RE: Lexical Context, Speech Recognition and Synthesis from Adam Sobieski on 2012-09-15 (public-speech-api@w3.org from September 2012)

From: Adam Sobieski <adamsobieski@hotmail.com>
Date: Sat, 15 Sep 2012 22:05:50 +0000
To: Glen Shires <gshires@google.com>
CC: "public-speech-api@w3.org" <public-speech-api@w3.org>
Message-ID: <SNT002-W821C57DA6AD16CF627FBDEC5970@phx.gbl>

Date: Fri, 7 Sep 2012 14:33:29 -0700
To: adamsobieski@hotmail.com
CC: public-speech-api@w3.org
Subject: Re: Lexical Context, Speech Recognition and Synthesis

If I'm understanding correctly, this is possible with the current spec.  JavaScript code (or for that matter, webserver-side code), can extract metadata and resources and insert them into the SRGS and SSML.  Such code would provide a highly flexible, powerful and customizable solution.

/Glen Shires

On Fri, Sep 7, 2012 at 2:19 PM, Adam Sobieski <adamsobieski@hotmail.com> wrote:

Speech API Community Group,

Greetings. I have some ideas for the JavaScript Speech API pertaining to lexical context, speech recognition and synthesis.

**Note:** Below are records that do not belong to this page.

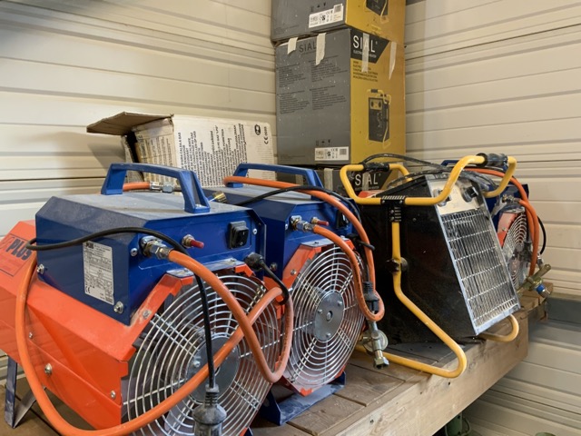 Chauffages de chantier électrique et gaz, disqueuses, coupes carreaux, chalumeaux, pistolet AIRLESS, tourets, palan à chaines ALTO, malaxeurs, tronçonneuse JEPSON, nettoyeur KARCHER, bétonnière électrique 150 L, échelles aluminium, girafe FLEX, burineur, transpalette, groupe électrogène SDMO, stock de plomberie électricité quincaillerie placo, appareillages électriques, postes à souder ESAB, échafaudages, monte matériaux IMER, pulvérisateur thermique STIHL, racks de stockage, poste de soudure, décapeur thermique…
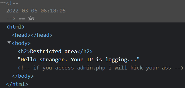 하지만 주석 부분에 admin.php에 접근 시 혼내준다는 문구가 보인다.
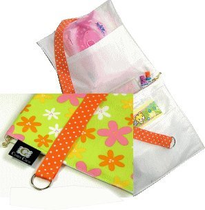 - ポーチはポケット3つ。真中は母子手帳や薬など収納できるファスナー付き。ポーチサイズ:約43×21cm 高さ:約0.5cm

One idea pertains to the use of <meta> and <link> elements in HTML5 documents to indicate metadata and external resources of use to speech synthesis and recognition components, for example pronunciation lexicons. Presently, <lexicon> elements can be indicated in SRGS and SSML.

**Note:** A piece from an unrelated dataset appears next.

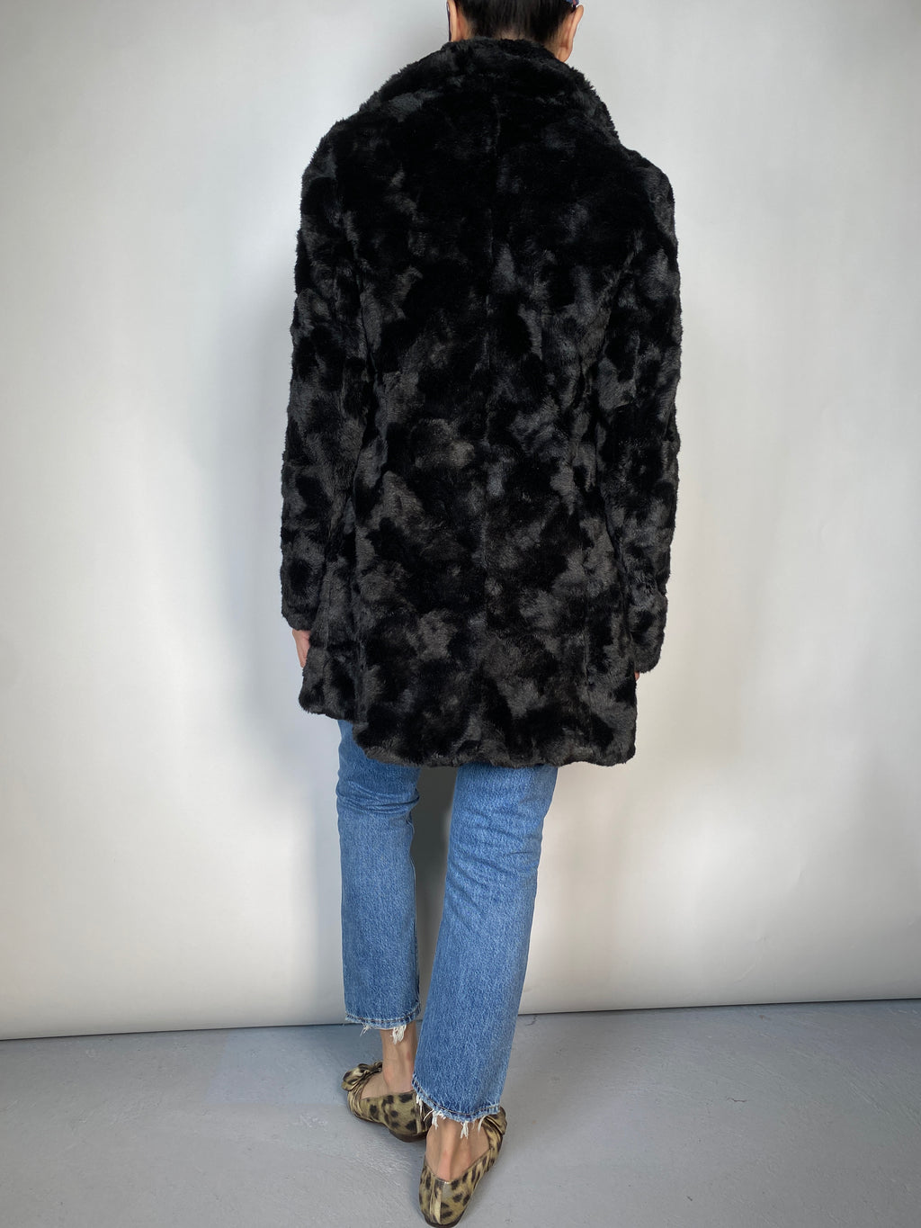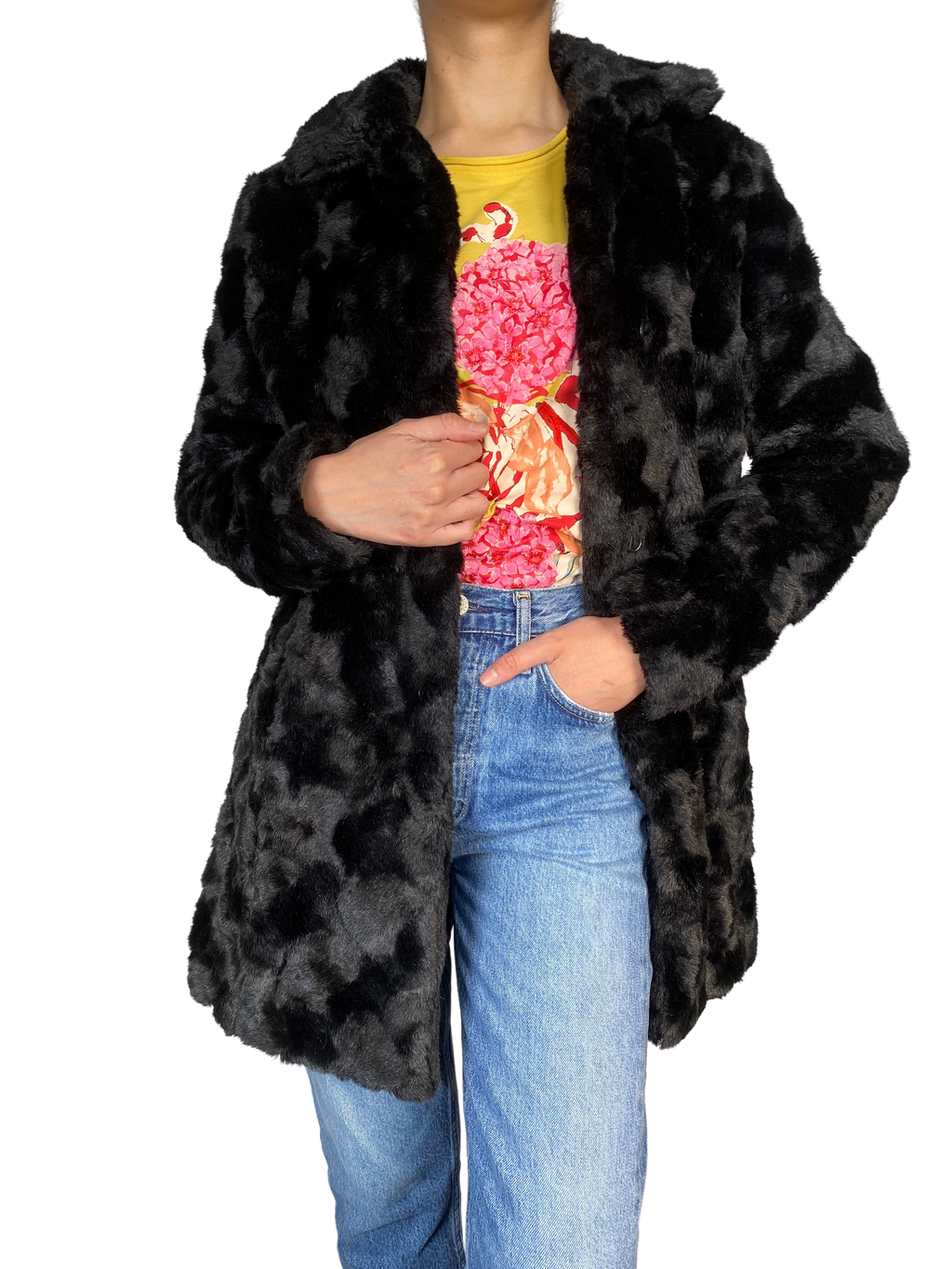 Abrigo color Negro de piel sintética con broches de cierre en delantero y bolsillos. Talla 40 de la marca.

An example usage scenario is a multimedia forum where users can upload video content and transcripts or have recipient computers generate such transcripts. IPA pronunciations as well as pronunciations from other alphabets can be processed from audio. For interrelated documents, such as documents in discussion threads, for example scientific discussions with technical terminology, lexical context data can enhance speech recognition and synthesis.

In addition to the aforementioned use of <meta> and <link> elements in HTML5, such data can also be indicated in document XML. The EPUB3 format, for example, includes XML attributes for pronunciation. An API topic includes a means of passing a DOMElement to an interface function for obtaining such lexical data from XML.

Another API topic is some sort of Lexicon API so that lexicon data can be indicated programmatically. While <lexicon> elements can be indicated in SRGS and SSML, the use of <meta> and <link> and a Lexicon API could enhance contextual speech synthesis, recognition and dictation.

Kind regards,

Adam Sobieski

Received on Saturday, 15 September 2012 22:06:19 UTC